За подворотней — двор, который мог бы стать колодцем, но не стал благодаря благородству дома слева, чью стену завершала витая ограда, а за ней находилось подобие сада, так что с уровня примерно четвертого этажа вам кивали из-за нее изрядно запыленные деревья. Во дворе теснились разные сараюшки, в одном звонко бил молоток по железной кадушке, во втором — первому под пару — хранились сокровища антиквара, которыми старичок старьевщик торговал на Блошином рынке. Чему служил третий, в сторонке, — никто не знал. А от входа по правую руку всякий видел престранную штуку: две тумбы, а между ними на возвышении — строение (это и было жилище Эдипа); выглядело оно кое-как, но консьержка звала его «частный особняк».

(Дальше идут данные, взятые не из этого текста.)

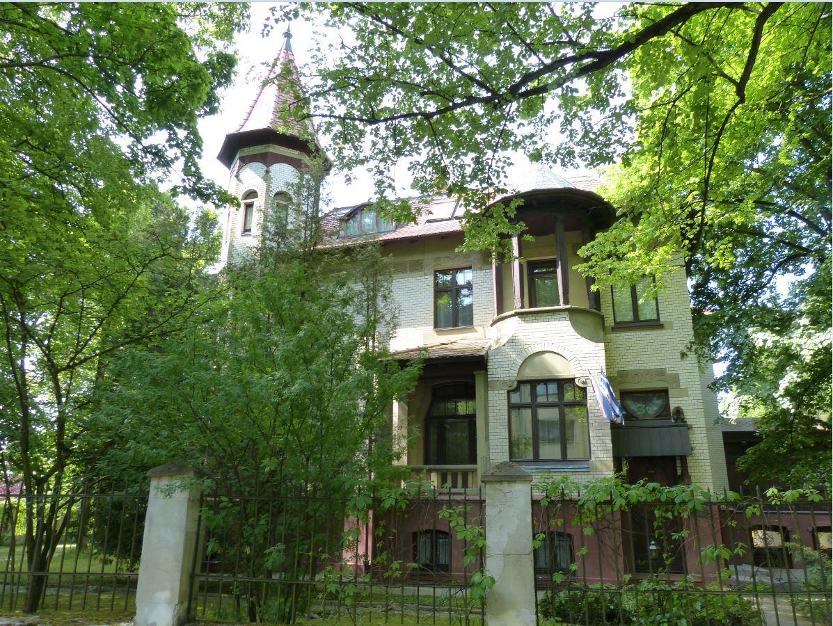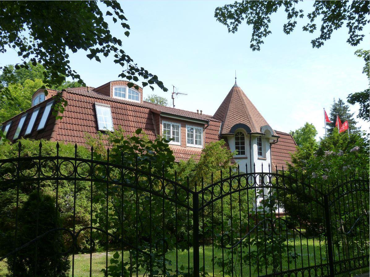 Вилла на фотографиях ниже прячется в густой листве деревьев и обнесена оградой. Так что целиком в кадр никак не помещается в тёплое время года. Построили её в 1905 году для директора Северогерманской Кредитной Компании Эрнста Михаэлиса.

Прошу заметить, что уже в подворотне становилось ясно: наш герой живет именно здесь. На облупленной стене слева столько почтовых ящиков висело, что думалось — не расквартирован ли тут целый полк, а ящик Эдипа, когда-то выкрашенный небесно-голубой краской, пристроился на диво — под самым сводом. Для того чтобы до него дотянуться, нужно было взгромоздиться на тумбу, стоявшую около лестницы «А». Почтальон по доброте душевной, а может надеясь на приз за добросовестное распространение рекламы, влезал на нее каждый день ровно в половине девятого. Зато, оказавшись напротив ящика, точно знал, с кем имеет дело, поскольку хозяин не поскупился на медную табличку, мало того, собственноручно начищал ее до зеркального блеска специальной пастой, чтобы можно было прочесть его имя — не Эдип, конечно, — другое, настоящее. Но вернемся во двор.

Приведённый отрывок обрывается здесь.